Light flashed in the corner of his vision, followed by more glass shattering. Sage gripped his arm like a vise and used her subtle strength to yank him closer to her. Just in time for one of the archways to collapse right where he’d stood, a cloud of debris coming over them.
Trystan became unexpectedly aware of his hands, which were somehow on the curve of her hips after Sage had pulled him closer. Feeling himself now breathing heavy for reasons that had nothing to do with his near brush with death, he lifted his gaze from his hands to her lips.
She was breathing heavy, too, both her hands gripping his forearms. “Thank you,” he said finally. His voice had gone embarrassingly hoarse.
Another screech snapped him from his bewitchment with her face. Separating awkwardly, he noticed that Sage seemed unshaken by the exchange. Which did not bother him in the slightest. Why would being near him have any effect on her at all?
“Oh, no problem. You getting crushed by a few blocks of cement would’ve been a very anticlimactic way to go.”
“Have you thought very much about how I would die?” he teased, hoping to clear the air of tension with a jest.
But as always, his tone was a little off, because Sage’s eyes widened in offense. “Of course not, sir!”
Sighing and pinching the bridge of his nose, he tried to correct her. “Sage, that’s not what I—”
But she surprised him when a mischievous grin overtook her wounded expression. “You’re so easy.” She laughed, another raindrop trailing to the tip of her nose.
Mirth climbed into his chest and made a home there as he smiled wide and free. “That is the first time I’ve ever been accused of that.”
But the moment was shattered when the roof above them began to crumble. Gripping her damp hand in his, Trystan pulled her along until they narrowly avoided being crushed once more.
Now out in the open, wholly exposed, he felt a moment of panic. “Go back inside,” he ordered Sage.

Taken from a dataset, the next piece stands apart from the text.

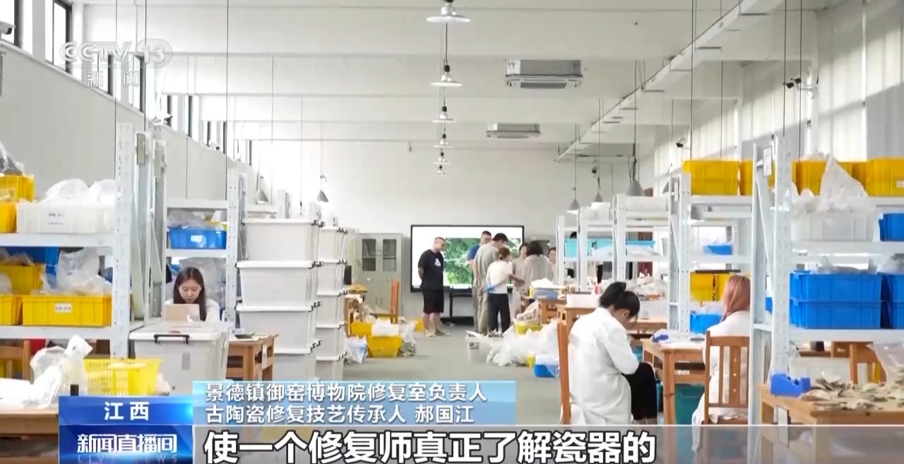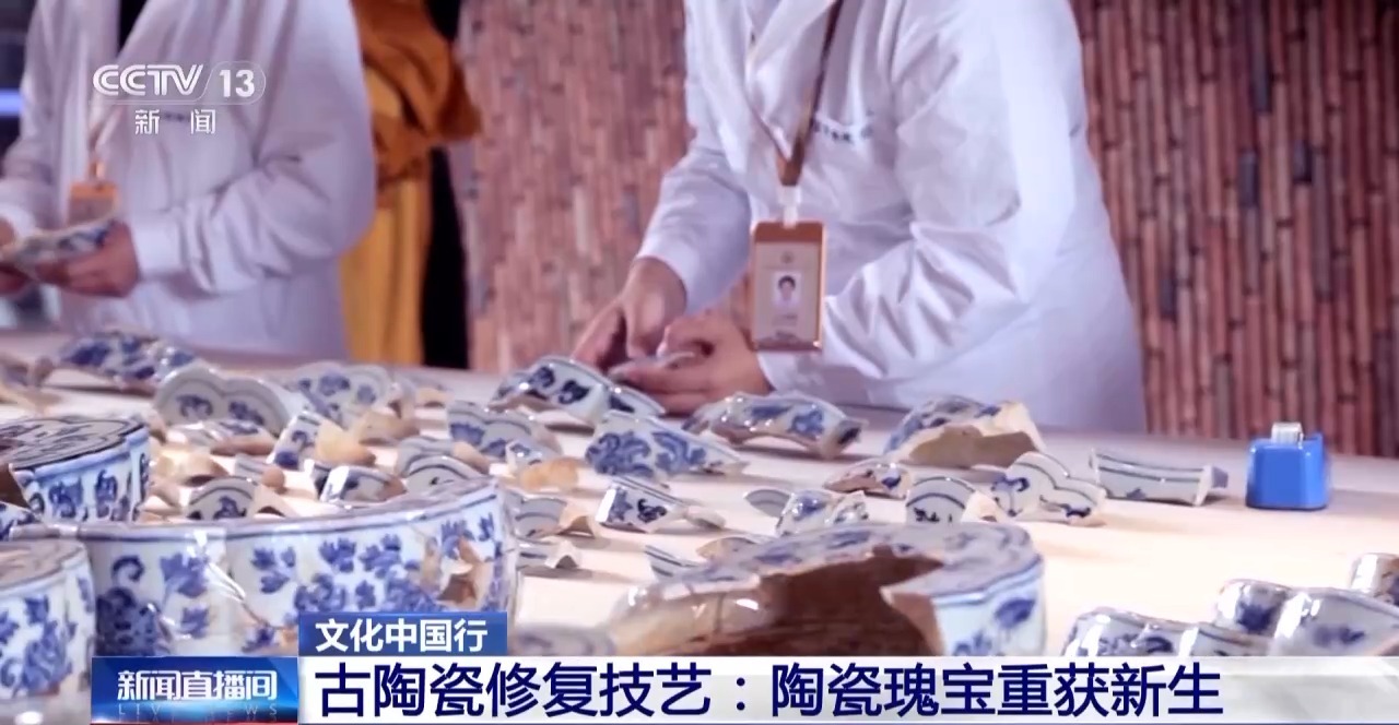 景德镇御窑博物院修复室负责人古陶瓷修复技艺传承人郝国江:在这个过程中,我们运用到了多级分类系列复原的方法,使一个修复师真正了解瓷器的同一类文物的烧造工艺、装饰手法、纹饰绘制等特别细小的特点、特征,让修复表达出它原有的一些历史信息。

“Only if you will,” she argued, the outline of her figure clearly visible through her soaked dress. He peeled his eyes up to one of the towers, ordering himself to keep them there.
“I need to be here to close the grate once she flies inside!” he argued.
“Why can’t you have one of your guards do it?” She was exasperated, he could tell, because her hands were flying around like a manic butterfly.
“I will not delegate a task this important.” He hadn’t done it when catching the male, and he wouldn’t do it now. His plans were just starting to come to fruition, and no doubt the traitor in his office was scrambling, along with King Benedict, now that Trystan had the upper hand.
“You are aware that being a control freak is going to kill you?” she shouted over the rain, rolling her eyes before they widened in horror. “Duck!”
They both ducked then as a brownish-gray blur flew over them, swooping down near their heads, almost knocking them from their necks. This guvre was as horrifying as he remembered.
She was large, larger than the male. She could have shadowed the sun, were it making any appearances.
“She’s beautiful,” Sage said in awe. “She’s horrifying,” he corrected.
Sage shrugged, eyes taking in every gruesome part of the guvre’s body. “Oftentimes, it’s the same thing.”
He felt his knees bend unwittingly, like his body was attempting to bow. The creature’s flight pattern was becoming clear as she moved closer to the grate with every dive. The guvre would realize soon, the only way to be with her mate was to allow herself to be trapped inside with him.
When it comes to the thing one loves most, Trystan thought before running out in the open toward the grate, the sounds of Sage’s screaming protests behind him, it is always better to be trapped together than free and apart.